A full 51 percent of likely voters report either having a disability or a family member or close friend with a disability. They are actually swing voters, but most elected officials don’t know that fact. Unlike “Soccer Moms,” “Hispanics,” and “African-Americans,” Americans with disabilities are not yet seen as a voter group that matters. We are not so naïve as to think we can change the partisan gridlock in Washington, but with so many Americans with disabilities and 51 percent personally affected, there are many politicians on both sides of the aisle who have been touched in some way by family and friends with disabilities and are eager to get involved once they hear they can make a change.

In 2012 both major candidates for President were invited by a coalition of 80 disability groups to address disability issues at a major forum in the swing state of Ohio.

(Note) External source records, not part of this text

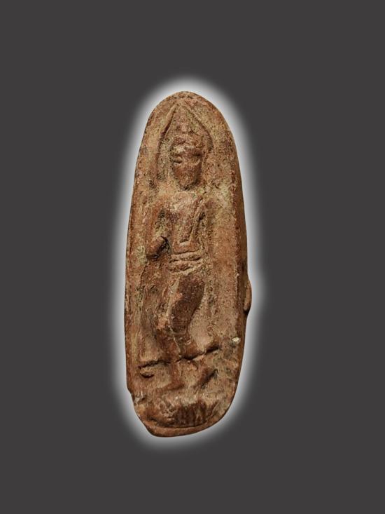 A6090.พระเนื้อดิน ปางลีลา ไม่ทราบที่ เคาะเดียวเเดง |
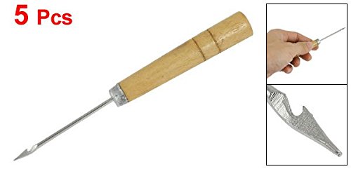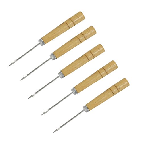 uxcell 縫製錐 木製 ハンドル カーブ メタル ニードル ハンド ミシン 千枚通し 5個
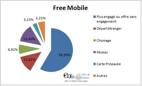 Rappelons que les forfaits mobiles Free sont des offres sans engagement et c’est donc la principale raison des résiliations chez Free à 58.39%. Les clients Free Mobile peuvent donc à tout moment résilier leur abonnement téléphonique sans frais. Le 2éme motif est la résiliation pour incident de réseau avec 13.40% des abonnés, Free Mobile met tout en œuvre pour améliorer le réseau et déployer son propre réseau sur le territoire français. Pour rappel l’opérateur utilise leur propre réseau sur 45% du territoire français et le reste est assuré par le réseau Orange.
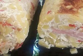Primero picas las papas ..después fritas cebolla ajo perejil cebolla verde sal pimienta ají molido, una ves que esté medio cosido se lo agregas a las papas picadas qué están sin cocinar .le agregas 6 huevos al relleno agrale vastante aceite y mechas todo llenas la caja con el relleno si quieres le pones algún fiambre al medio..lo cocinas al horno 50 minutos y listo
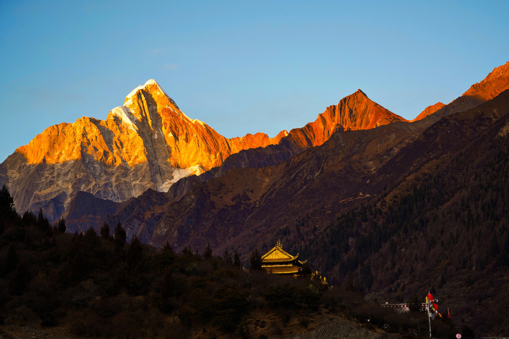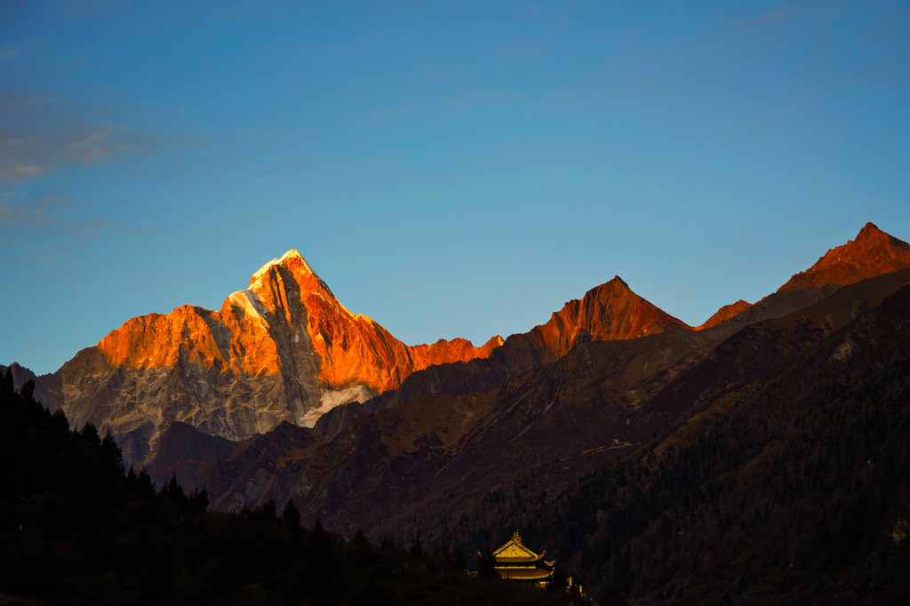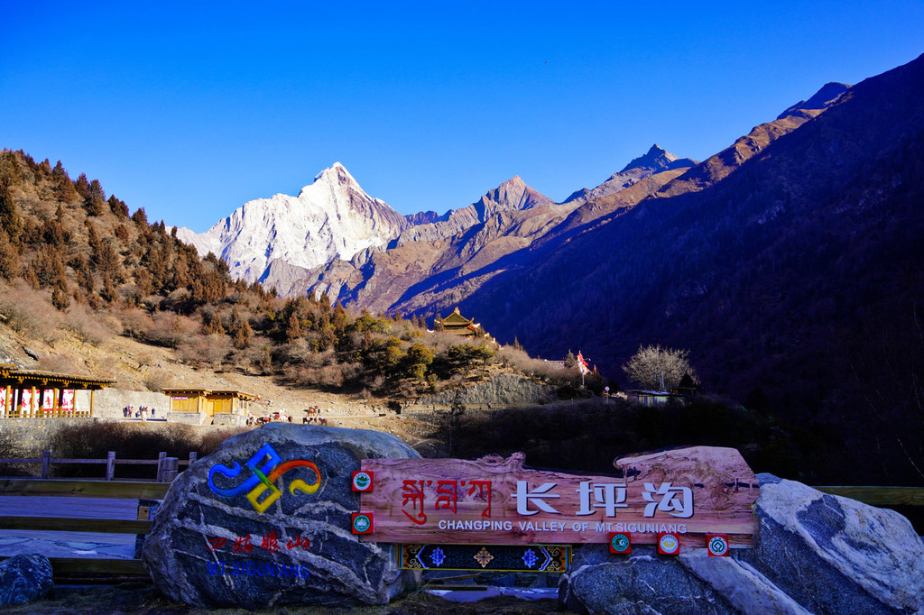 为照片关联地点 为照片关联地点 为照片关联地点 为照片关联地点 为照片关联地点 为照片关联地点长坪沟沟口,一处自带景区logo的日照金山打卡地。长坪沟的景区牌坊旁,就能欣赏到绝美的日照金山盛宴。这处绝佳的观赏地点,不仅可以看到四姑娘山的幺妹峰,其他三座山峰亦可清晰得见。日落时分,山黛暗沉,落日余晖洒向雪山之巅,泛着金灿灿的光晕,美不胜收。漫漫天际,以轻风为笔,以霞光为彩,喇嘛勾勒出了四姑娘山四座峰的仙姿神韵,金碧辉煌的喇嘛寺为其锦上添花,组成了一幅旷世绮丽的绝代佳画。
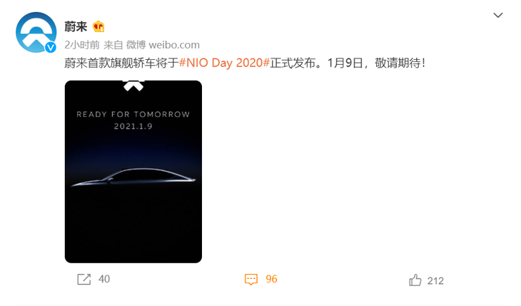 今天,蔚来宣布将于1月9日“ 2020年NIO Day ”正式发布NIO的首款旗舰轿车。
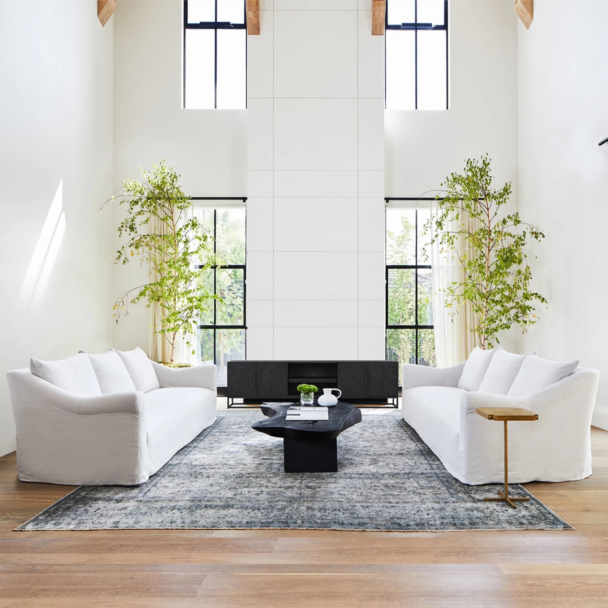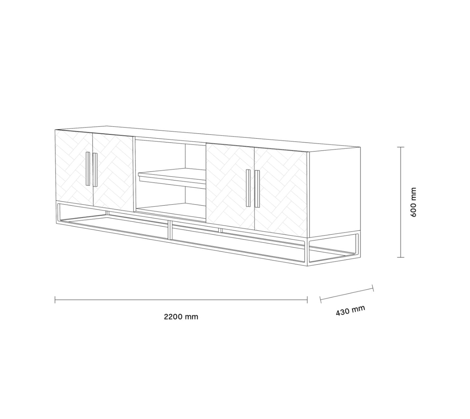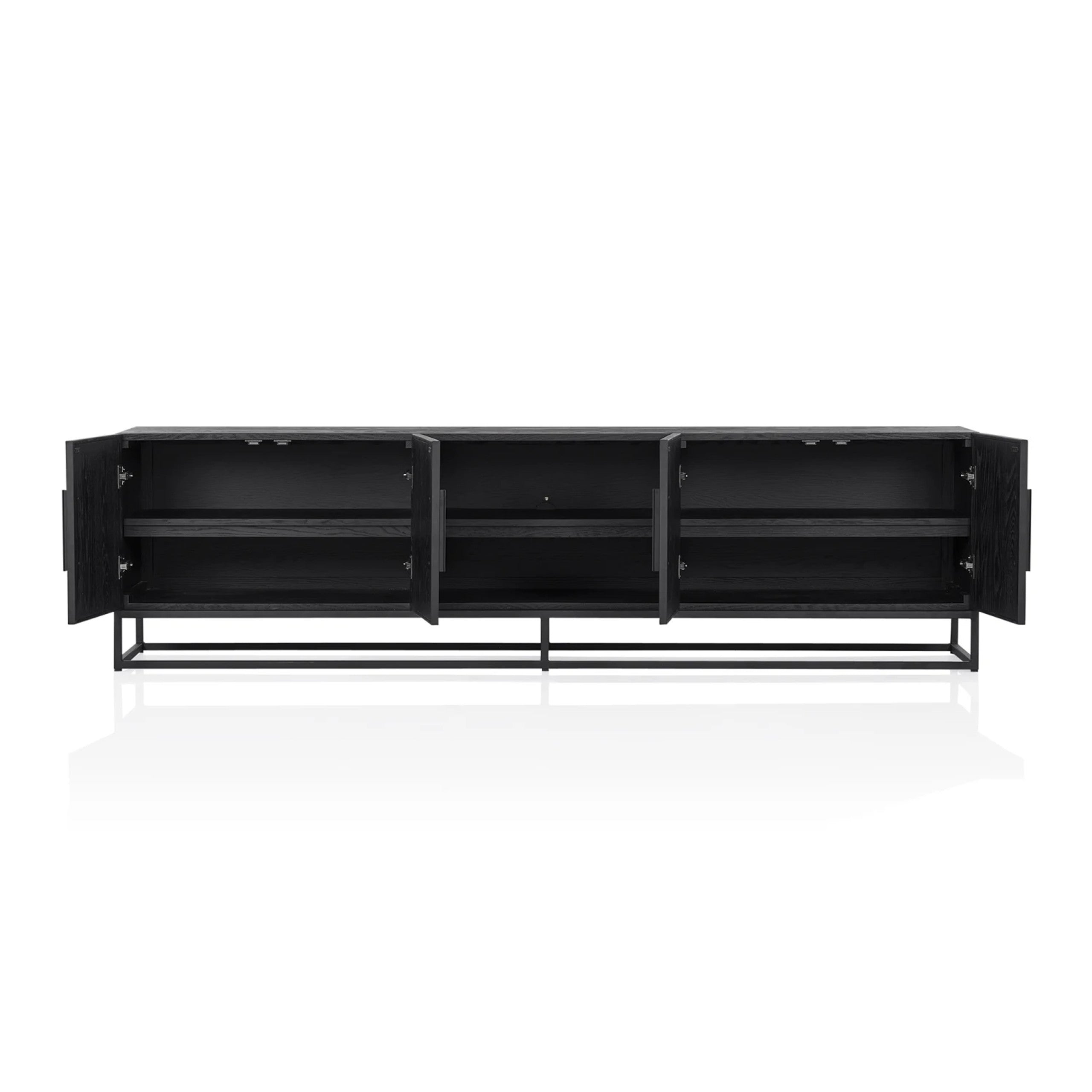 Rustic modern style entertainment unit with handcrafted parquet wood inlay stained in black with metal frame.|The Odessa Entertainment Console with handcrafted parquetry pattern inlay exudes a natural style ideal for today's living spaces. The timber has a black stained distressed look combined with a blackened metal frame. Equipped with two doors and two open shelves to accommodate and conceal your audio-visual equipment. Curated for the sophisticated home the Gramercy collection is inspired by interiors of chic Parisian homes. Handcrafted from timber with elegant metal accents the colour palette lends a refined modern edge to classic forms.
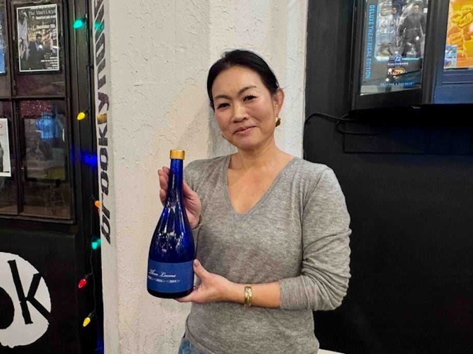 スリールームズの日本酒を持つフィッツジェラルド美都さん
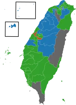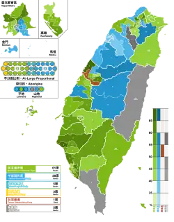 | Kuomintang | 4 723 504 | 33,36 | 13 | 3 | 5 633 749 | 40,57 | 22 | 38 | ||||||

Neither personally attended. Each sent a surrogate. The Romney campaign, despite repeated requests from disability groups, did not post any disability policies on its campaign website. Additionally, none of the 2012 Presidential primary or general election debates touched upon issues that specifically impact Americans with disabilities. Put simply, despite the existence of 57 million Americans with disabilities, they aren’t perceived as a power group or voting block.

For many years the State of the Union Address hasn’t included policies on disability issues beyond healthcare/PPACA. In addition, few major Senate, House or state governors races bring about substantive discussion on any of the issues that directly impact Americans with disabilities. There is a desperate need for vision implemented by the White House under a President who will harness the energy and strength of the public, private, nonprofit and religious sectors. When programs are showcased in a factual, non-partisan way, we can emphasize how to make government work better and cost less. But who will do it? It will be vital to ensure that responsible voices from both political parties are heard in the media. They will need to be joined by leaders from corporations, faith-based groups and nonprofit organizations.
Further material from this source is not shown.